▶ _Exercise requirements_
A word-for-word copy of the data, with no images, is the required answer.

▶ _Input data_
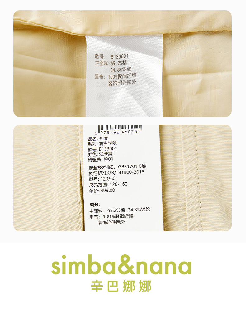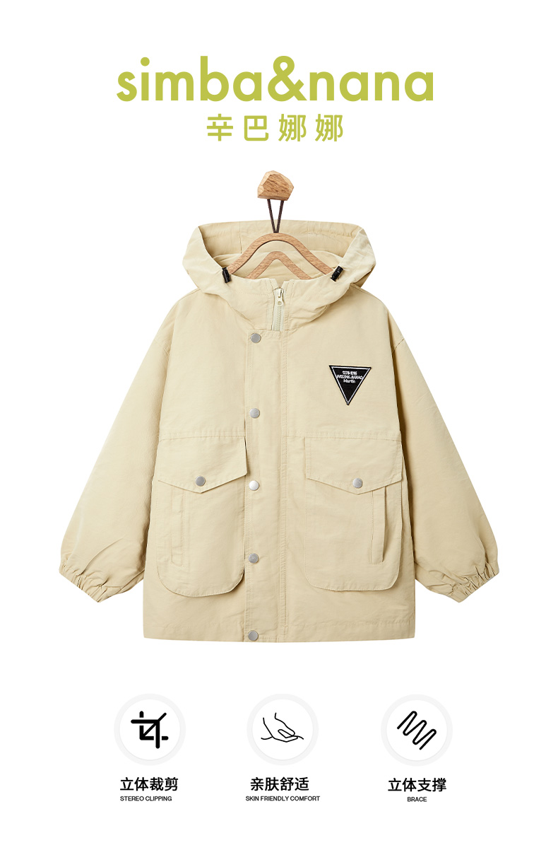 【辛巴娜娜】simbanana男孩中大童外套春秋新款洋气连帽口袋儿童装
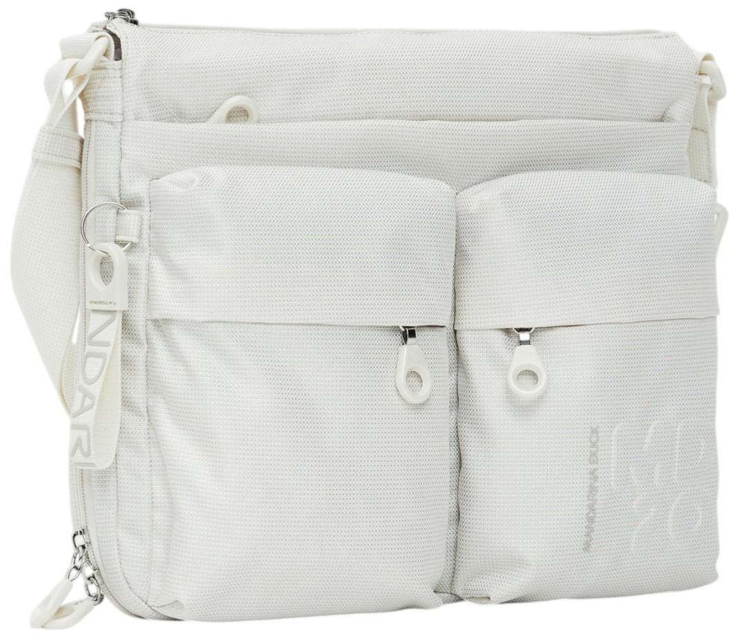 Ein absolutes Fashion-Highlight ist die Umhängetasche Crossover aus der Serie MD20 von Mandarina Duck. Die Crossbody Bag ist aus federleichtem Gewebe im Farbdesign Latte gefertigt. Die verschiedenfarbigen Fäden sind derart zu einem dichten Stoff verwebt, dass der Farbeindruck eines angesagten Cremeweiß entsteht. Der leicht irisierende Glanz macht die Schultertasche zu einem echten Eyecatcher.
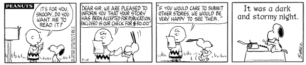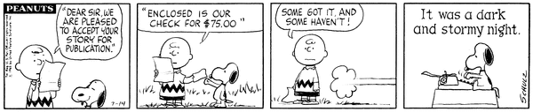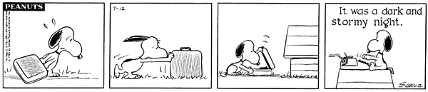 World's Greatest Author part 1; A Snoopian author (nicknamed the WGA) moves into Peanutsville and begins his first book by writing "It was a dark and stormy night."
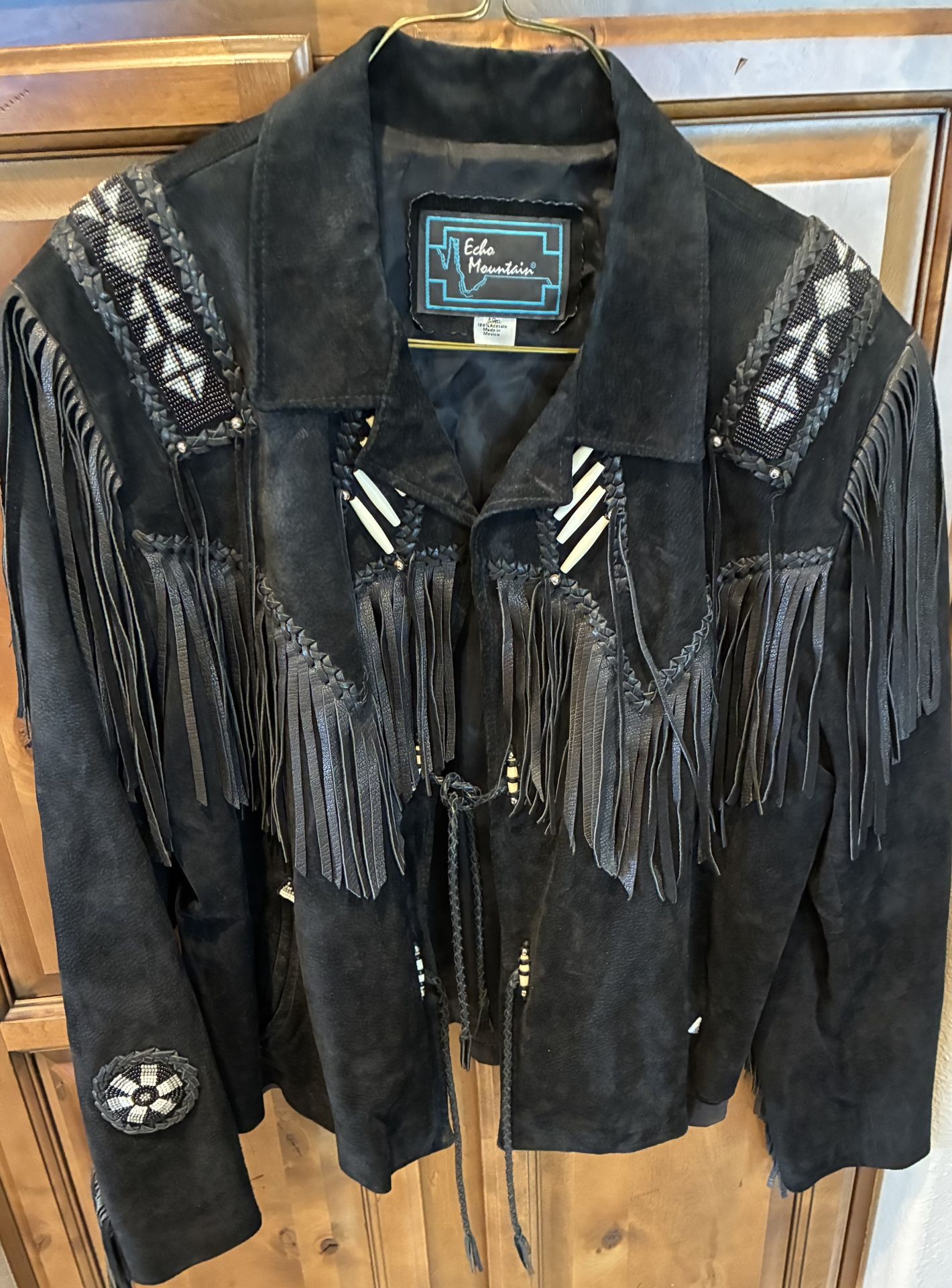 Large black jacket/coat , leather tie closure. Leather braided and bead working on design, ( American Indian, Native American , Soutjwestern , Western )

▶ _Response to this exercise_
 【辛巴娜娜】simbanana男孩中大童外套春秋新款洋气连帽口袋儿童装
 Ein absolutes Fashion-Highlight ist die Umhängetasche Crossover aus der Serie MD20 von Mandarina Duck. Die Crossbody Bag ist aus federleichtem Gewebe im Farbdesign Latte gefertigt. Die verschiedenfarbigen Fäden sind derart zu einem dichten Stoff verwebt, dass der Farbeindruck eines angesagten Cremeweiß entsteht. Der leicht irisierende Glanz macht die Schultertasche zu einem echten Eyecatcher.
 World's Greatest Author part 1; A Snoopian author (nicknamed the WGA) moves into Peanutsville and begins his first book by writing "It was a dark and stormy night."
 Large black jacket/coat , leather tie closure. Leather braided and bead working on design, ( American Indian, Native American , Soutjwestern , Western )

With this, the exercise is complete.